Electrochemical impedance spectroscopy (EIS) is a powerful technique to study interfacial charge transfer in devices.[11] Herein, to elucidate correlation of Voc, we performed the Nyquist plots and Bode plots of the dye cells in complete darkness with a forward bias of −0.70 V and a frequency region at 0.01–100 kHz, respectively. As shown in Figure a,c, two semicircles from left to right in the Nyquist plot are visible; the small semicircles represent the impedances of the charge transfer on the Pt electrode/electrolyte interface (RPt), whereas the larger semicircles are correlated to the interfacial charge transfer resistances (RCT) on the TiO2/dye/electrolyte interface. The larger semicircle in theory means the larger RCT, generally providing the slower electron recombination rate.[11] For the DSSCs without CDCA, the radius of the large semicircle increases in the order of C3 (20 Ω) < C2 (70 Ω) < C1 (92 Ω) (Figure a,c), suggesting that the electron recombination rate increases in the order of C1 < C2 < C3, which is consistent well with the Voc tendencies of C3 (562 mV) < C2 (653 mV) < C1 (671 mV). In comparison to the DSSCs without CDCA, the addition of CDCA has caused an increase of RCT at the same forward bias for the C1–C3-based DSSCs, thereby leading to enhanced Voc and PCE values.

Figure 6

Nyquist plots (a, c) and Bode plots (b, d) of C1–C3-based DSSCs with/without CDCA under a bias of −0.70 V in complete darkness.

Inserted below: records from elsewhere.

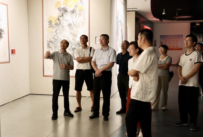温永一行仔细观看展出作品,认真听取章城伍介绍作品创作思路、创作手法和创作感受。温永对作品展成功举办表示祝贺,肯定章城伍在艺术创作和教学领域所取得的优秀成果,并鼓励他们师生创作出更多更好的精品力作。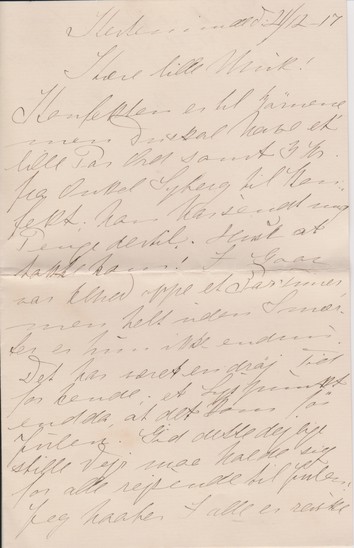 Konfekten er til Børnene, men Du skal have et lille Par Ord samt 3 Kr. fra Onkel Syberg til Konfekt; han har sendt mig Penge dertil. Husk at takke ham! I Gaar var Alhed oppe et Par Timer, men helt uden Smerter er hun ikke endnu. Det har været en drøj Tid for hende; et Lyspunkt endda, at det kom før Julen. Gid dette dejlige stille Vejr maa holde sig for alle rejsende til Julen. Jeg haaber I alle er raske og kan faa en rar Tid. De kærligste Hilsner til Eder alle!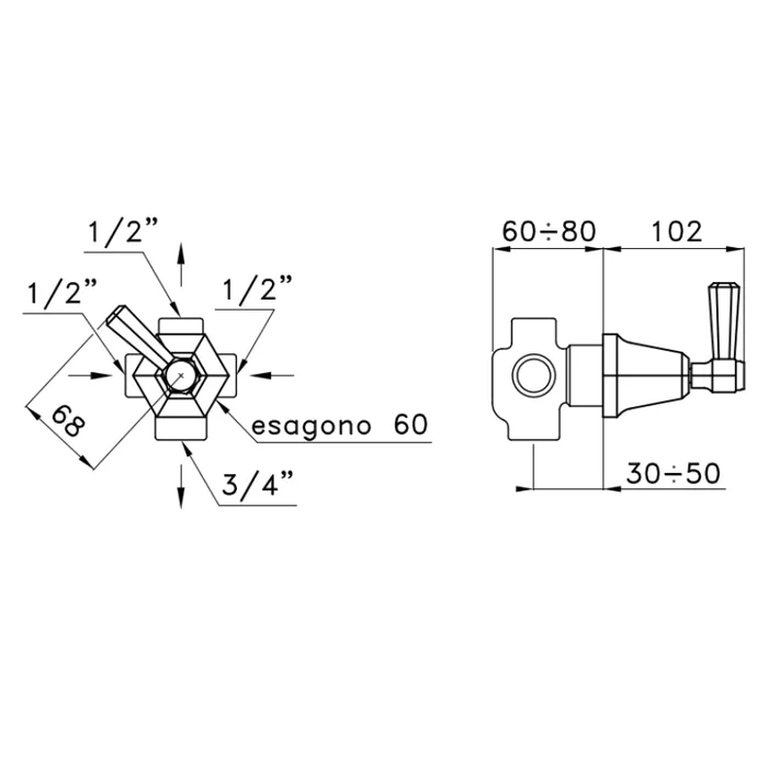Встраиваемый переключатель для ванны/душа Stella Eccelsa 0/150, хром EC 01200 CR00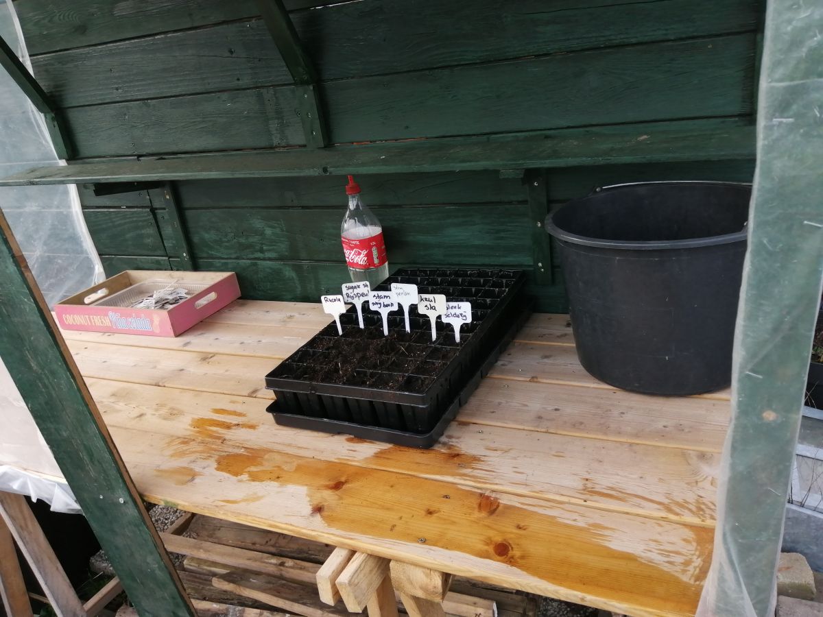 En ik kon het niet laten om al wat in te zaaien, wat peultjes en bleekselderij. Ach ik zie wel of er wat uitkomt.

The electron lifetime (τ) of the exited dyes can be associated with the peak frequency (f) at intermediate-frequency regions in Bode plots, which can be calculated from the equation of τ = 1/(2πf).[11] The smaller the charge recombination rate, the longer the electron lifetime is, generally leading to improved Voc and Jsc values. As shown in Bode plots (Figure b,d), the f values increase in the order of C1 (5.0 Hz) < C2 (5.8 Hz) < C3 (32 Hz). As a result, the τ values increase in the order of C3 (5.0 ms) < C2 (27.5 ms) < C1 (31.8 ms). On the basis of the results observed above, the best performance of the C1-based DSSCs mainly results from its strongest light-capturing ability and smallest charge recombination rate compared to the other two dyes. To further elucidate the effect of CDCA on photovoltaic performance, we also studied the Bode plots of the DSSCs with 5 mM CDCA. By comparison of the f values, we found that coabsorbing CDCA led to the reduced charge recombination rate due to the effective retard of dye aggregation, thereby providing higher photovoltaic performance than that of the DSSCs without CDCA.

Conclusions

In summary, for the first time, a ladderlike fused-ring donor (dithienocyclopentacarbazole (DTCC) derivative) has been used to design and synthesize three novel D–A−π–A-type organic dyes (C1, C2, and C3) via facile direct arylation reactions. We have demonstrated that the use of auxiliary acceptors (BT, DFBT, and PT) can effectively manipulate the optical, electrochemical, and photovoltaic performances of the three dyes. Moreover, strong D–A interaction endows the three dyes with strong intramolecular charge transfer and high molar extinction coefficients of above 3.14 × 104 M–1 cm–1, thereby ensuring their strong light-capturing ability. Investigation of DFT calculations reveals that the well-separated HOMO and LUMO orbitals of the three dyes are observed, which is helpful for efficient charge separation and electron injection. Although the PT-containing C3 obtains a broad absorption band relative to C1 and C2, larger charge recombination rate caused by dye aggregation in TiO2 led to quite low Jsc, Voc, and PCE values. Under AM 1.5G illumination, the BT-containing C1-based DSSCs afford the best photovoltaic performance with a Voc of 671 mV, a Jsc of 12.98 mA cm–2, an ff of 0.71, and a PCE value of 6.20%. Upon the addition of 5 mM CDCA, both the Jsc and Voc values are further improved due to the enhanced electron life of the devices, which thereby provides an enhanced PCE of 6.75%. Our findings indicate that the ladderlike DTCC derivative donors have great potential to design broad novel organic dyes for high-performance DSSCs.